- [TASK DIRECTIONS]: Among the entries below, only the lines from the one with "Вот это мОлодец" through the one with "You tip 500g" are to be retyped, exactly and without pictures.

- [RECORDS FOR PROCESSING]:
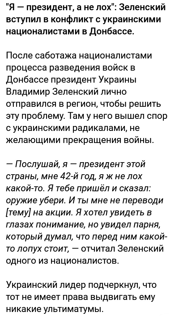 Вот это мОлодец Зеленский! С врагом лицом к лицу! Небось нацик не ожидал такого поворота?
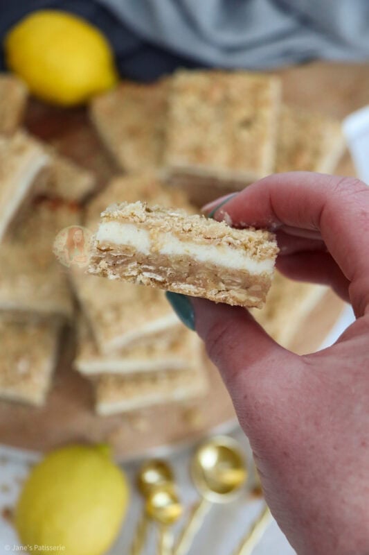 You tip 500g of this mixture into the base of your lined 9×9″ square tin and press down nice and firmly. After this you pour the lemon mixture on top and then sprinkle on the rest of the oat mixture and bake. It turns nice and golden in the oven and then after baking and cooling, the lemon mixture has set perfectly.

* * *

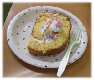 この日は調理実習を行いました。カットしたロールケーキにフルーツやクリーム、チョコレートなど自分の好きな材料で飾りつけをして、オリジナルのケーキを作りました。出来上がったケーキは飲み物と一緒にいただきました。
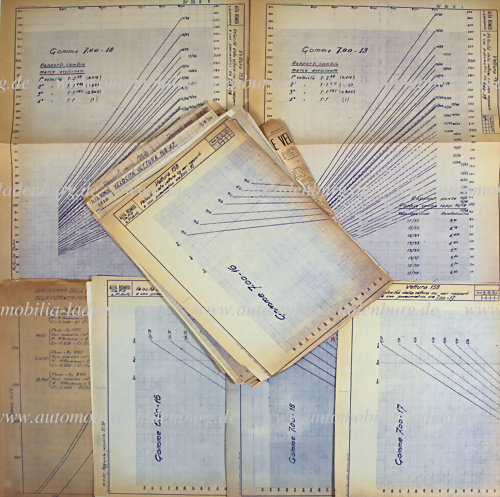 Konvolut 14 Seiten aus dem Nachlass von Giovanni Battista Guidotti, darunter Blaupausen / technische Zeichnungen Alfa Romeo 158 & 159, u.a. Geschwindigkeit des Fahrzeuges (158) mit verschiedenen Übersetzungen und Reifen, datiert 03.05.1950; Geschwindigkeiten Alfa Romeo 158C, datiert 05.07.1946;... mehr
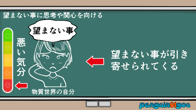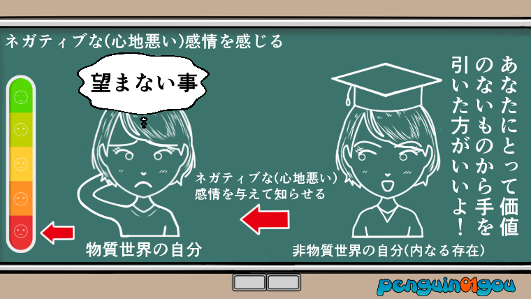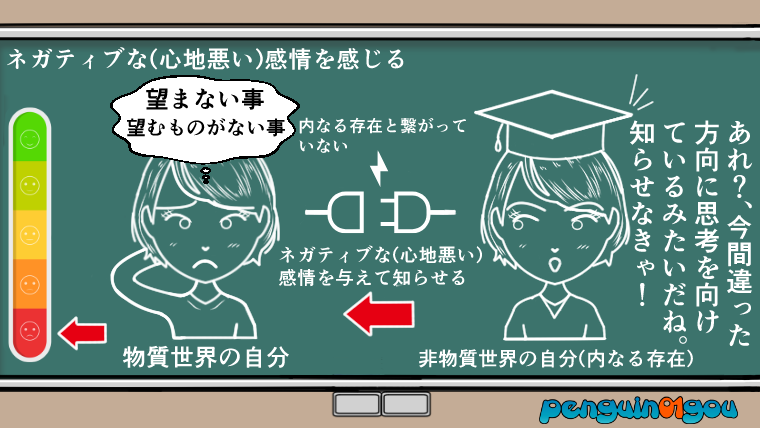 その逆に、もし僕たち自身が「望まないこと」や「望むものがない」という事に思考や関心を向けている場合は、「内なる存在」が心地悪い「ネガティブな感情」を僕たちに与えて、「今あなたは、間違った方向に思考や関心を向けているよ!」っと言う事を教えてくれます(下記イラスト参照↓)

- [THE ANSWER]:
 Вот это мОлодец Зеленский! С врагом лицом к лицу! Небось нацик не ожидал такого поворота?
 You tip 500g of this mixture into the base of your lined 9×9″ square tin and press down nice and firmly. After this you pour the lemon mixture on top and then sprinkle on the rest of the oat mixture and bake. It turns nice and golden in the oven and then after baking and cooling, the lemon mixture has set perfectly.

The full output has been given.